La politique du sein : Amina et Nabila
Amina reste en prison. Le 30 mai, les juges l'ont condamnée à 300 dinars pour possession d'engin incendiaire (un spray d'autodéfense!), mais, coup de théâtre, ont aussi décidés de l'inculper pour: «profanation de cimetière, atteinte aux bonnes mœurs et complicité avec une association de malfaiteurs». Elle risque entre 6 mois et 6 ans de prison.
La veille, les salafistes et djihadistes qui avaient attaqué l'ambassade américaine de Tunis en septembre 2012 ont «pris» deux ans avec sursis.
Dans la foule massée devant le palais de justice qui scandait de doux slogans tel que «nous voulons l'application de la charia» (soit, pour ce cas précis, la lapidation) se trouvait Seifeddine Raïs, le porte parole d'Ansar al Charia; ce sympathique personnage était relâché le jour même ou Amina était arrêtée. Il avait appelé au rassemblement à Kairouan de 40 000 djihadistes.
(Ce rassemblement avait finalement été interdit par le pouvoir).
Rappelons qu'Amina est une jeune fille de 20 ans, membre du réseau féministe Femen. Voilà ce qu'elle a fait pour déclencher tant de haine et d'acharnement de la part du pouvoir tunisien et d'une partie de ses compatriotes :
Elle a refusé d'admettre qu'elle était folle, comme ont essayé de le faire croire les autorités tunisiennes, aidés en cela par sa propre mère. Elle est une féministe radicale dans une société conservatrice, une insoumise.
Ce qu'elle n'est pas, pas plus que les Femens européennes, c'est une dangereuse extrémiste.
En France, les Femens commencent a être sérieusement attaquées. On les attaques sur leur financement (opaque), sur leur méthode (extrême), sur leur "inutile provocation". Elles «offenseraient» des gens.
Évidemment qu'elles offensent des gens, qu'elle provoquent. C'est le but. Porter une pancarte «mon corps est à moi» ne va pas interpeller les gens, les médias. Servez vous de vos seins comme support, tout de suite l'intérêt est piqué. Mais comment osent-elles se servir de leurs seins comme objet politique?!
Comment osent-elles attaquer la religion catholique? Cette vénérable institution qui a tant fait pour l'égalité des sexes.
Les Femens tapent là où ça fait mal. Elles s'attaquent directement aux fondements du machisme institutionnalisé: la religion (les religions d'ailleurs), et l'économique.

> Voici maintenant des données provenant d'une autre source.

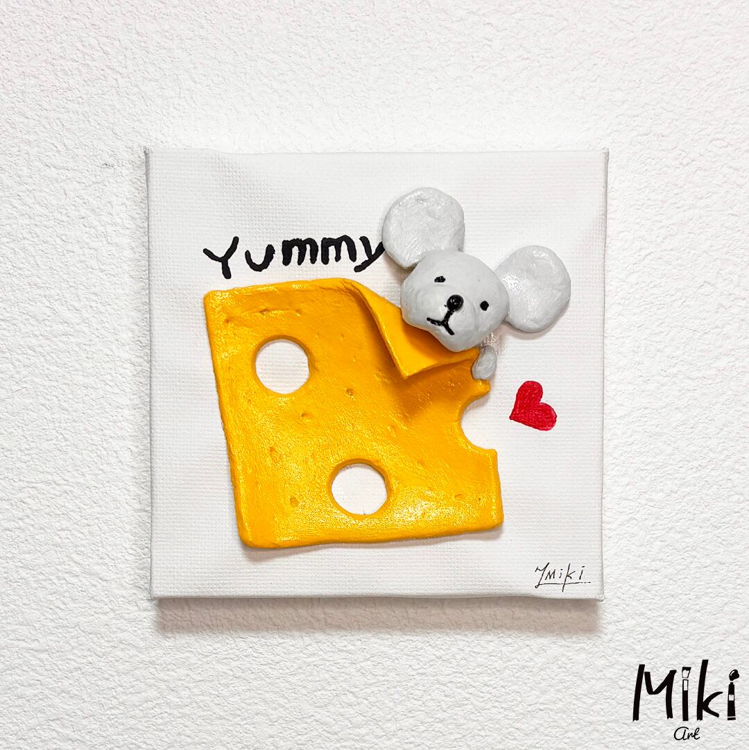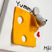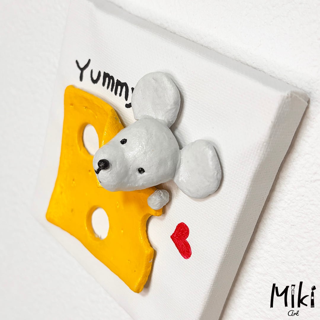 小さなキャンバスに粘土でチーズとねずみをアートしました。
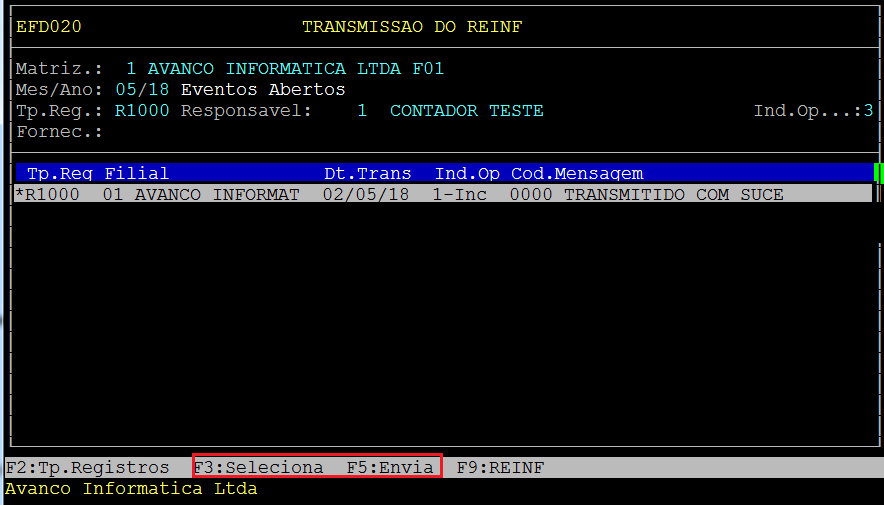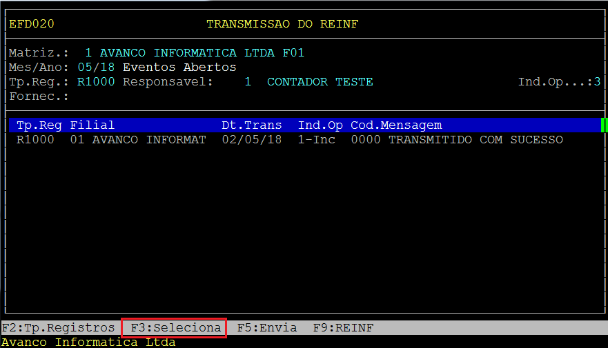 Em seguida digite a função "F3: Seleciona" para selecionar o Evento a ser enviado, o mesmo será marcado com (*) e "F5 : Envia".
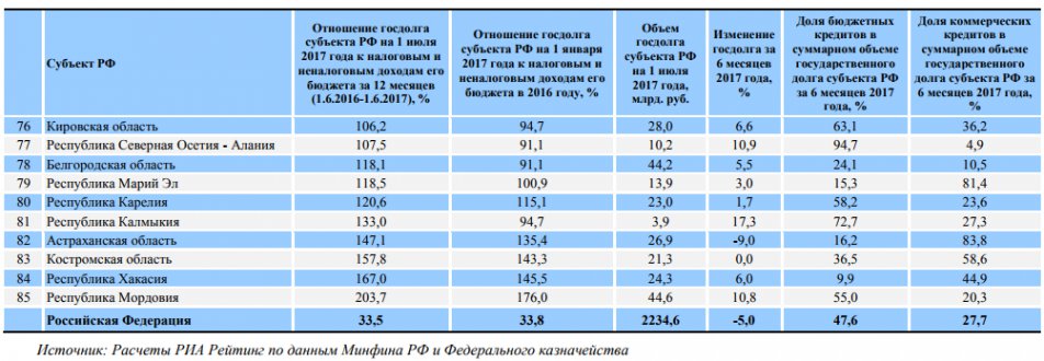 РИА Рейтинг сравнил уровень долговой нагрузки субъектов РФ в первом полугодии 2017 года. Суммарный объем госдолга регионов по состоянию на 1 июля снизился на 5%, составив 2,234 трлн рублей. Объем муниципального долга вырос на 2,8%, до 350,9 млрд рублей. Общий госдолг регионов и муниципальных образований на 1 июля сложился в сумме 2,585 трлн рублей, что на 4,9% ниже, чем полгода назад.
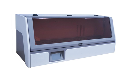 【技術參數】 1. 工作位:18個,試劑缸16個、其中水洗缸一個,烘干缸一個。 2.抖動次數:1次/10秒,(可調) 3.滴液停留時間為:0 ---240秒, 并可任意調整; 4.單缸處理時間:0----59分59秒可調; 5.缸容積為:650mL 6.烘干缸溫度在室溫---65℃可調; 7.流動式自動水洗; 8.單次處理染片數量:約60片; 9.電源:220Ⅴ±5Ⅴ 50Hz 功率: ≤500 W。
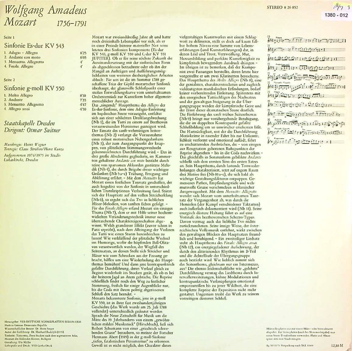 商品コード:1380-012n[ETERNA] O.スウィトナー/ モーツァルト:交響曲39番K.543, 40番K.550
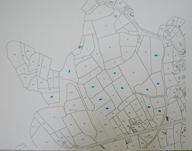 Extrait cadastral : carte de situation du marais de Noteno et des parcelles appartenant au Conservatoire du Littoral (Mairie de Trébeurden)
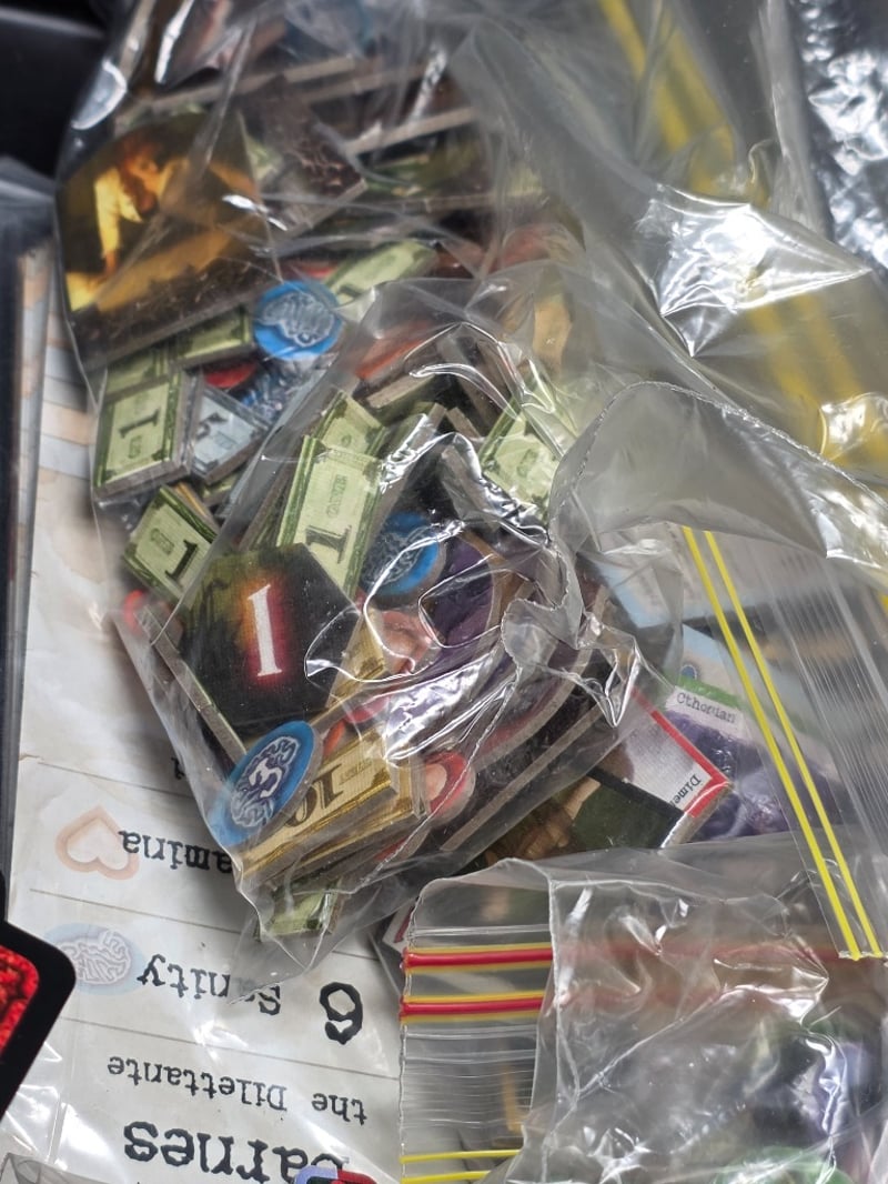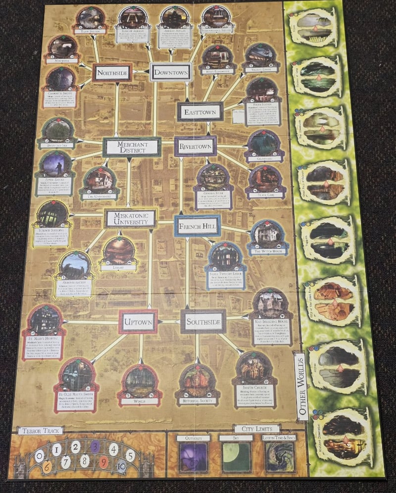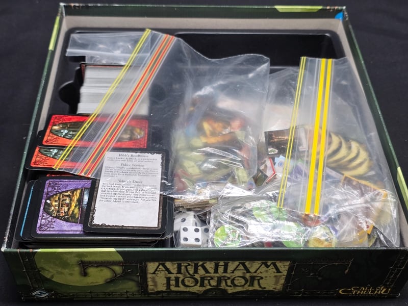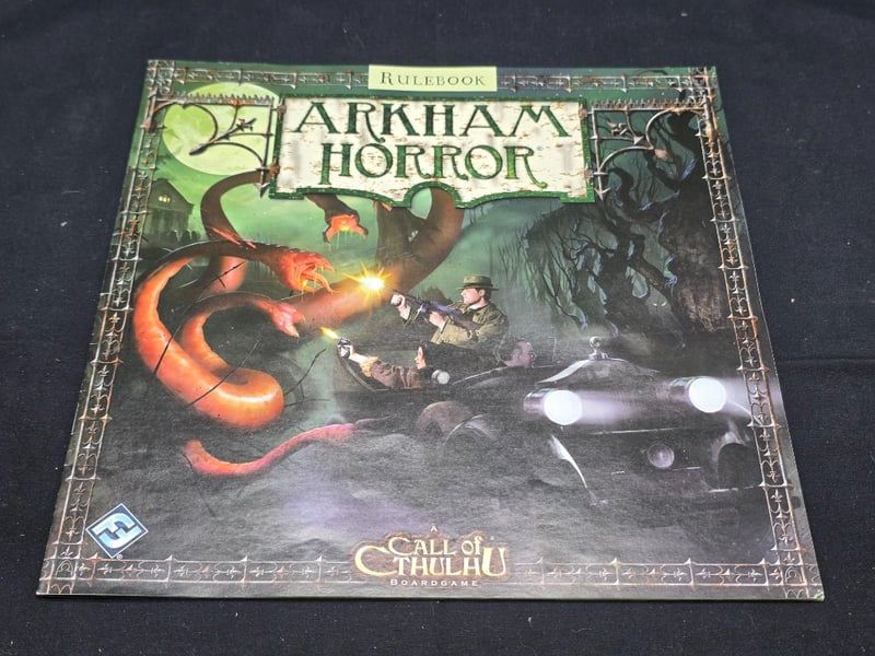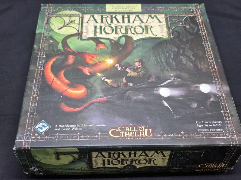 ARKHAM HORROR CALL OF CTHULHU BOARDGAME - REVISED EDITION Item Size: Height: 15cm, Width: 35cm, Depth: 35cm, Weight: 0.3Kg Complete Revised Edition Boardgame Featuring Thematic Lovecraftian Adventure Mechanics. Includes Game Board Depicting Arkham City Districts, Rulebook, Location Cards With Atmospheric Artwork, Investigator Tokens, Monster Figurines, Spell And Clue Tokens, Sanity Markers, Stamina Counters, And Comprehensive Card Decks In Original Packaging. Components Organized In Segmented Storage Trays With Protective Sleeves. Designed For 1-8 Players, Ages 14 And Adult. Published By Fantasy Flight Games, Design Condition: Good - Refer To Images 584564+9

Que les femmes montrent leur seins pour faire vendre du papier et se vendre elles mêmes, aucun problème. Qu'elles les montrent pour établir clairement, dans un acte concret, que leur corps n'appartient ni à la société, ni à une doctrine religieuse, et c'est la condamnation moralisatrice. Les seins des femmes doivent être sexualisés, et vendeurs, ou cachés. Ça ne vous rappelle pas le complexe de la pute et la madonne? Ou alors cela:
Quand Nabila montre ses seins, personne n'y trouve à redire. On entend ici et là qu'une jeune fille ayant tant de lacunes culturelles ne devrait peut-être pas être une icône, mais qu'elle s'affiche sur le web, dans les kiosques, à la télé et dans la rue ainsi:
Cela ne pose pas de problème à ceux qui descendent les Femens en flèche.
Il faut croire que ce n'est pas les seins qui posent un problème. Ce sont des seins qui ne seraient pas sexualisés dans une optique commerciale.
Les Femens sont provocatrices, mais tous les combats l'ont été à leur commencement.
On les désapprouve car elles ne sont pas de gentilles filles, de douces et féminines féministes. Ce sont des radicales. Et ce qui arrive à Amina, les réactions outragées en France vis à vis de ce réseau montre que leur combat ne porte pas sur des points accessoires et triviaux, mais qu'il se situe au centre même de la revendication première du féminisme: Les femmes ne sont pas des objets sexuels pour les hommes!